» **RECORDS FOR THE TASK**:
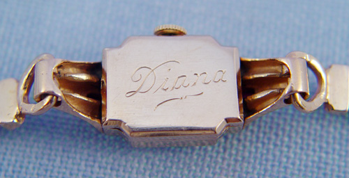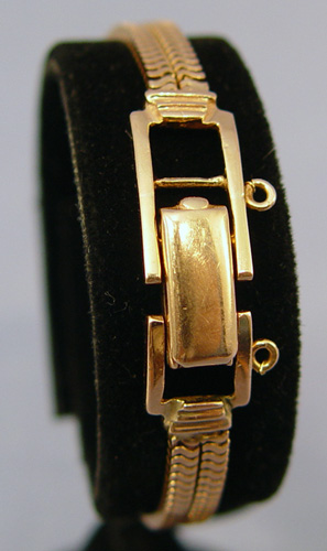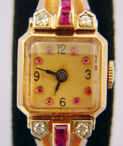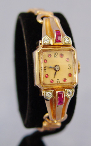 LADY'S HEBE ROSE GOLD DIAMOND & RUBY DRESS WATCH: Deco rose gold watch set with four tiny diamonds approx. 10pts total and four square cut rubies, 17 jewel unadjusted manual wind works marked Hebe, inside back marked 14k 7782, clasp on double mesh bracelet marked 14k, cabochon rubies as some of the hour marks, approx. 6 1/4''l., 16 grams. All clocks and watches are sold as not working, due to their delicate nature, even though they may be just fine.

--

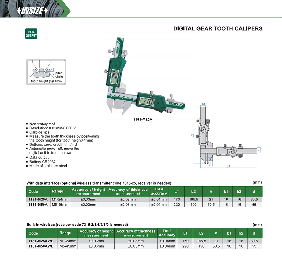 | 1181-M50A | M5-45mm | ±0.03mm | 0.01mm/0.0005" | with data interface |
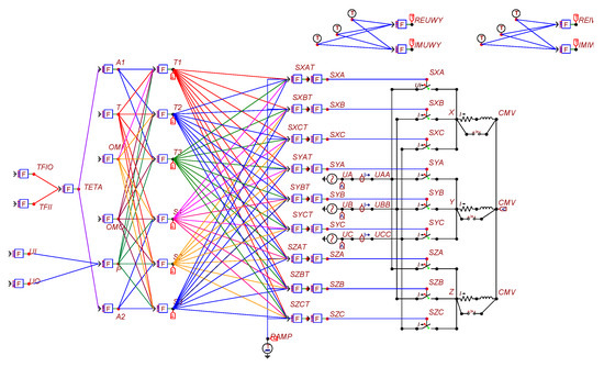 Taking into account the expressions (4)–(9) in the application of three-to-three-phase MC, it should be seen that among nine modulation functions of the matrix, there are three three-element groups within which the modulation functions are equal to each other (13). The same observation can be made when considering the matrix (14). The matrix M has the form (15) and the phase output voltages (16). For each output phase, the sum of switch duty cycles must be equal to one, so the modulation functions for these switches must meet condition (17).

» **EXERCISE BRIEF**:
Taking the records above, print only and exactly the lines from the line with "data interface |" to the line with "Taking into account", both kept, and exclude pictures.

» **WRITTEN REPLY**:
 | 1181-M50A | M5-45mm | ±0.03mm | 0.01mm/0.0005" | with data interface |
 Taking into account the expressions (4)–(9) in the application of three-to-three-phase MC, it should be seen that among nine modulation functions of the matrix, there are three three-element groups within which the modulation functions are equal to each other (13). The same observation can be made when considering the matrix (14). The matrix M has the form (15) and the phase output voltages (16). For each output phase, the sum of switch duty cycles must be equal to one, so the modulation functions for these switches must meet condition (17).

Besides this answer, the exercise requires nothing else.